In one of the most difficult economic situations in decades, businesses around the world are reevaluating their operational and IT strategies, looking for new ways to create competitive advantages. Under these circumstances, new investments are closely evaluated as to how they match up to three main criteria: initial capital expense, ongoing operating costs, and time to value.

SAAS

Software-as-a-Service (SaaS) offers users the same functionality offered by ‘traditional’ (on premises) software installations only that the software is housed (“hosted”) in a remote site supplied by the vendor, and payment is done on a per-usage or other subscription basis. Thus, the SaaS model offers a fundamentally faster, less risky and more cost-effective alternative to on-premises applications: with minimal upfront costs, faster time to value and ongoing payments that are closely coupled with the value received.

 

Even today, many of us are already using this service model with numerous applications such as photo sharing, tax-preparation, etc. This type of service is widely accepted not only in the consumer, but also in the B2B markets. For example, Salesforce.Com (NYSE: CRM) offers companies of all sizes a high quality CRM system with a monthly payment of $59.00 per user. Prior to Salesforce.com’s service, many companies could not afford (or were not willing to invest in) a high-quality CRM system due to the cost of the software license and required infrastructure.

 

Similar to the above mentioned CRM system, SaaS is becoming increasingly popular in the world of manufacturing, a trend that is accelerated by the current economic crisis. Today, a wide range of applications are already offered using this method of delivery – from ERP and MRP systems to Production Scheduling, Nesting and Reporting solutions.

 

Customer Benefits

The SaaS concept inherently offers customers an attractive value proposition that is based on a set of financial and business benefits, including: lower up-front costs and lower Cost of Ownership, reduced financial and business risk, and the customer’s ability to focus on their core business as opposed to a demanding IT infrastructure.

  • Lower upfront costs and faster time-to-value - By paying on a per-usage basis, customers are not required to venture into large-scale implementations that consume significant time and capital. Instead, they subscribe to the software application at a minimal fee and the costs are variable based on business volume. With SaaS ROI is immediate, replacing the multi-year CapEx models justifying (or delaying) today’s investments.
  • Lower Total Cost of Ownership (TCO) - The SaaS model minimizes the customer's need to install and maintain the software and supporting hardware. This not only eliminates fixed costs related to IT infrastructure, but also reduces variable costs related to staffing & maintenance. In addition, the SaaS approach also enables customers to expand and contract the usage of the software based on business-volume. This flexibility is a key to controlling costs, especially during today’s volatile conditions.

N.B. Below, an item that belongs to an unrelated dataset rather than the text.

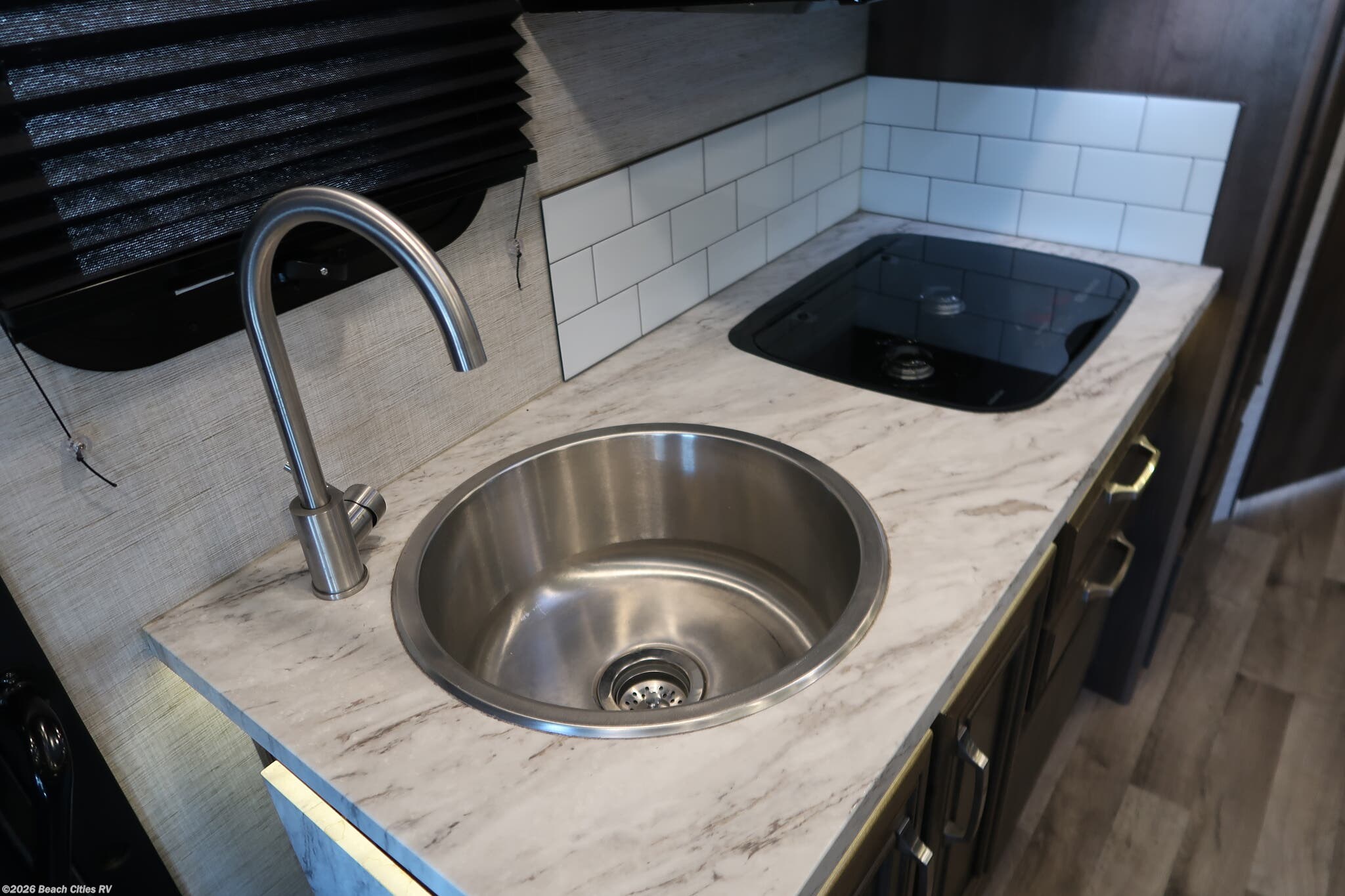 The Rv has the very desired 24L floorplan. At only 25'2" in length, it features a full wall slide out with and dinette that converts into a bed, a rear queen bed, OH bunk, full kitchen with sink, microwave, stovetop and large refrigerator.

Chart 1 (below) illustrates both points above and compares the traditional software and SAAS delivery models for an organization that sees fluctuation in its business volume and the corresponding value from using the software.

  • With the traditional software purchase model, the customer must make a large upfront investment, and then has ongoing IT expenses and software support costs.
  • The SaaS model has no substantial initial investment and the associated costs closely follow any changes in business volume.
  • The ROI for the traditional model takes several years, yet the ROI from SAAS is immediate and on-going. This allows businesses to use one year’s savings to pay for next year’s software.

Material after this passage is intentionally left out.